What to produce =>
From the line containing "10 in a set, KENNAMETAL" to the line containing "25일 오후 서울 목동구장에서" in the entries below, reproduce every line exactly, ends included. Nothing else belongs in the copy, and no pictures.

Data for this task =>
__________________________________________________
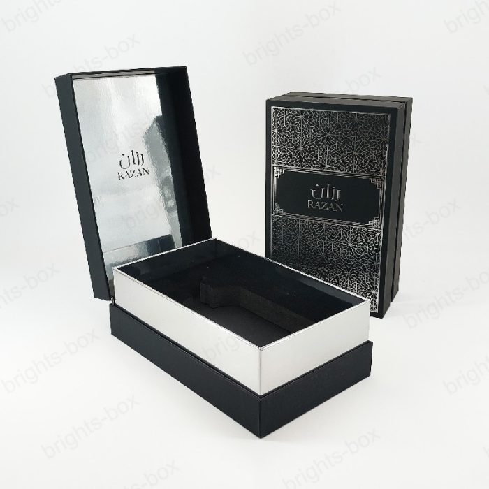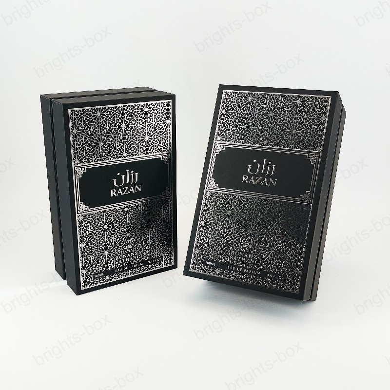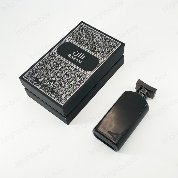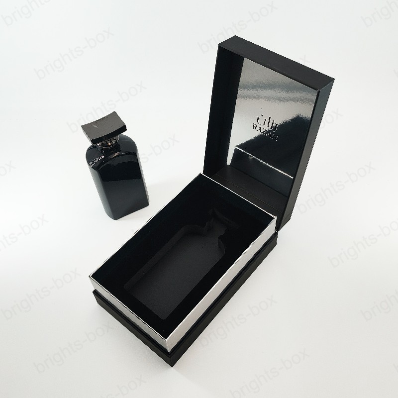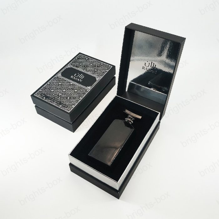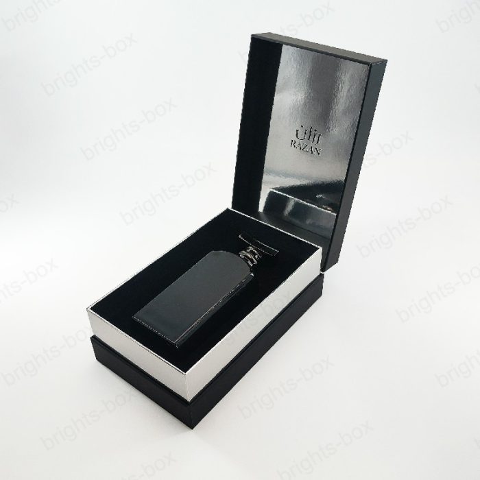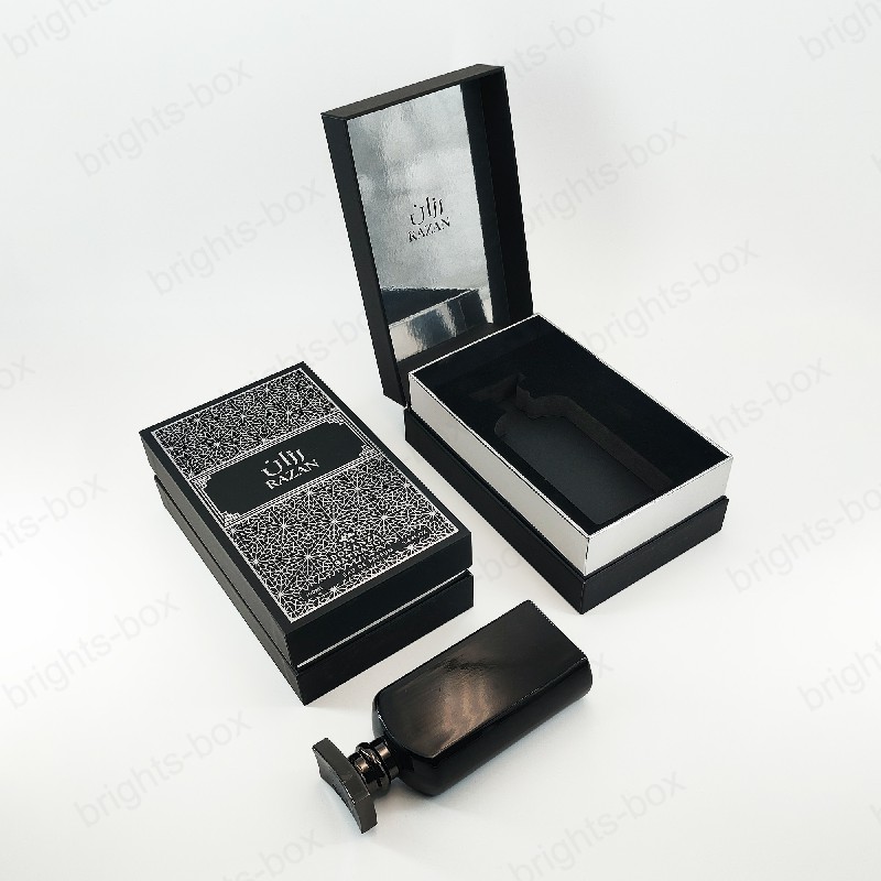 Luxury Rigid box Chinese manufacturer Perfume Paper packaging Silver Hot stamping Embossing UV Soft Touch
__________________________________________________
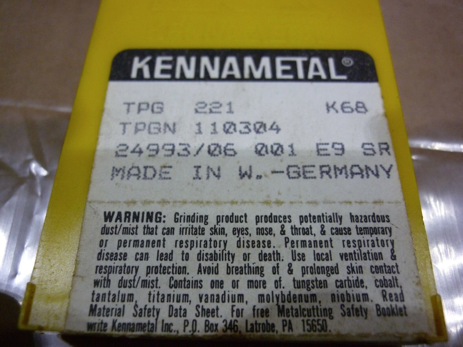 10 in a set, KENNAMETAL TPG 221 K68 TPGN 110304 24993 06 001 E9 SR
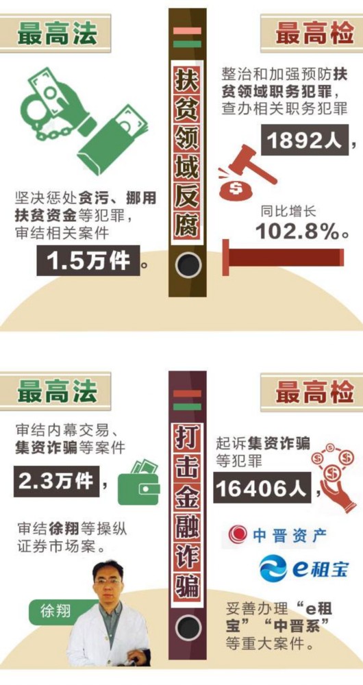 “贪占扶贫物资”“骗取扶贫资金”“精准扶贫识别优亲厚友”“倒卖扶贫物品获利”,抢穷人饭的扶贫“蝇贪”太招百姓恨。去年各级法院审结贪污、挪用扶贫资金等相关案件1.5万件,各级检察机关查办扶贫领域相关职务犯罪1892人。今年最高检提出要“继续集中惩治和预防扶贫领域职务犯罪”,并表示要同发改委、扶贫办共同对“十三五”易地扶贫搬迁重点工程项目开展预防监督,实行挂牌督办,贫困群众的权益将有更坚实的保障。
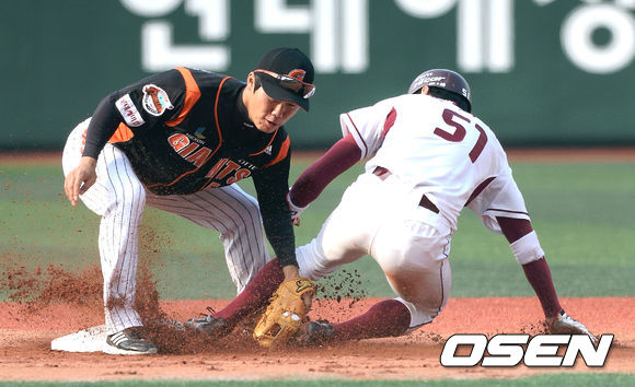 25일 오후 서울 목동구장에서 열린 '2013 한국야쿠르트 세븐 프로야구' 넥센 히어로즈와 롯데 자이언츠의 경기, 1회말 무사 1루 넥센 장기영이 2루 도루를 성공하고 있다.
__________________________________________________
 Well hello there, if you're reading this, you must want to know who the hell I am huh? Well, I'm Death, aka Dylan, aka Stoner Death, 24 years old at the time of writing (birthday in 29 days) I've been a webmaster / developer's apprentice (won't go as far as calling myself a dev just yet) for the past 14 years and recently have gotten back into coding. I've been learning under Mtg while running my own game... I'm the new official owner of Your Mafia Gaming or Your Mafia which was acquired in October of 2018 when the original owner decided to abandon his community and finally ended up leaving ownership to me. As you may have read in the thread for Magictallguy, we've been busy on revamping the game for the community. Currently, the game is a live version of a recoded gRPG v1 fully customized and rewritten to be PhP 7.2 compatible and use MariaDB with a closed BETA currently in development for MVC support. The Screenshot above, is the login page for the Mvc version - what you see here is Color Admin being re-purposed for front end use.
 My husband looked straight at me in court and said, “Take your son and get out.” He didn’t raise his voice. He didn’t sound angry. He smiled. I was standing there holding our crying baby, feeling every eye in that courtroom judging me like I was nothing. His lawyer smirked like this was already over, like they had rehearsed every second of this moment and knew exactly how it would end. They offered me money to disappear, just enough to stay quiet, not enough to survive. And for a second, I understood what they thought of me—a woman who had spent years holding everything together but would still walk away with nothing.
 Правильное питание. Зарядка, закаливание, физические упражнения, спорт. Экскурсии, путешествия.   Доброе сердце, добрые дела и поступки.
__________________________________________________
Solved exercise =>
 10 in a set, KENNAMETAL TPG 221 K68 TPGN 110304 24993 06 001 E9 SR
 “贪占扶贫物资”“骗取扶贫资金”“精准扶贫识别优亲厚友”“倒卖扶贫物品获利”,抢穷人饭的扶贫“蝇贪”太招百姓恨。去年各级法院审结贪污、挪用扶贫资金等相关案件1.5万件,各级检察机关查办扶贫领域相关职务犯罪1892人。今年最高检提出要“继续集中惩治和预防扶贫领域职务犯罪”,并表示要同发改委、扶贫办共同对“十三五”易地扶贫搬迁重点工程项目开展预防监督,实行挂牌督办,贫困群众的权益将有更坚实的保障。
 25일 오후 서울 목동구장에서 열린 '2013 한국야쿠르트 세븐 프로야구' 넥센 히어로즈와 롯데 자이언츠의 경기, 1회말 무사 1루 넥센 장기영이 2루 도루를 성공하고 있다.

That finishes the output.